Seeing this question reminds me of the time when I was isolated by my roommates in college. In fact, people need sincere communication.

To tell the truth, actually, when I first went to college, I was a girl with special blx, insecurity and true temperament. Because of the lack of security, I sometimes lose my temper for no reason, and get along with roommates who have different views and are more serious in love, which leads to my being gradually isolated by roommates.

In fact, now that I think about it, I don't like this personality either. How can others get along with you happily? But when I was isolated at first, my mood simply fell to a low point. No matter what you do, you are lonely. What you are most afraid of is hearing them talking and laughing in the dormitory when you are curled up in the corner.

However, people are social animals after all. Being isolated for a long time will inevitably produce a feeling of despair, like being abandoned by the world. Later, a class organized an activity. I don't know. When I returned to the dormitory, my roommate Xiao B was still waiting for me in the dormitory, and my heart was suddenly melted by this long-lost touch.

I don't think I should be so opinionated anymore, because a person is really unhappy, but should actively change myself, integrate into the collective, and try to make them accept me again.

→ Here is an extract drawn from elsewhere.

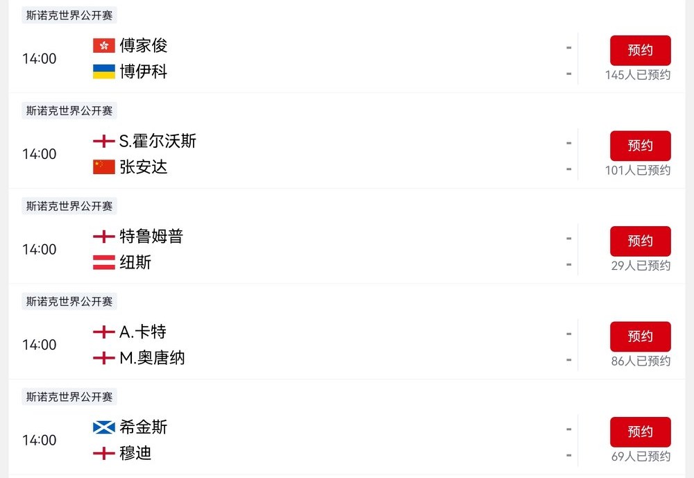 • 2. Afternoon session at 2 PM:Two Chinese players compete in two matches:Zhang Anda vs. Hallworth, Marco Fu vs. Boiko.Personal prediction: Zhang Anda and Marco Fu will win and advance to the round of 32.Additionally, Trump, Higgins, and Ali Carter will also compete during this session.

In the past, when my roommates discussed, I never disdained to express my opinions, just bowed my head and did my own thing or chose to escape from the dormitory, but gradually I began to take the initiative to participate in the discussion. I put away blx to make myself simple and easy-going. Gradually, I found that they were not so difficult to get along with.

Later, I learned that they were interested in getting along with me, but I kept my pericardium too tight and couldn't find their kindness, which led to this deadlock.

Someone told me before that when one or two people say you are not good, maybe you are not really bad. But if everyone thinks you are bad and chooses to isolate you, maybe you really have a reason.

Therefore, in order to break this isolated deadlock, we must first find the reasons from ourselves. Dormitory is a collective, and getting along with others needs a running-in process. We should put away our sharpness and consider others.

In addition, you must know how to share. In fact, collective life is also a process of sharing, even if it is only snacks, jokes and experiences. Only sharing can produce * * * sound and pull each other's hearts far away.

Roommates are a wonderful fate. In the process of getting along with roommates, each of us will learn a lot, so we should cherish our friendship.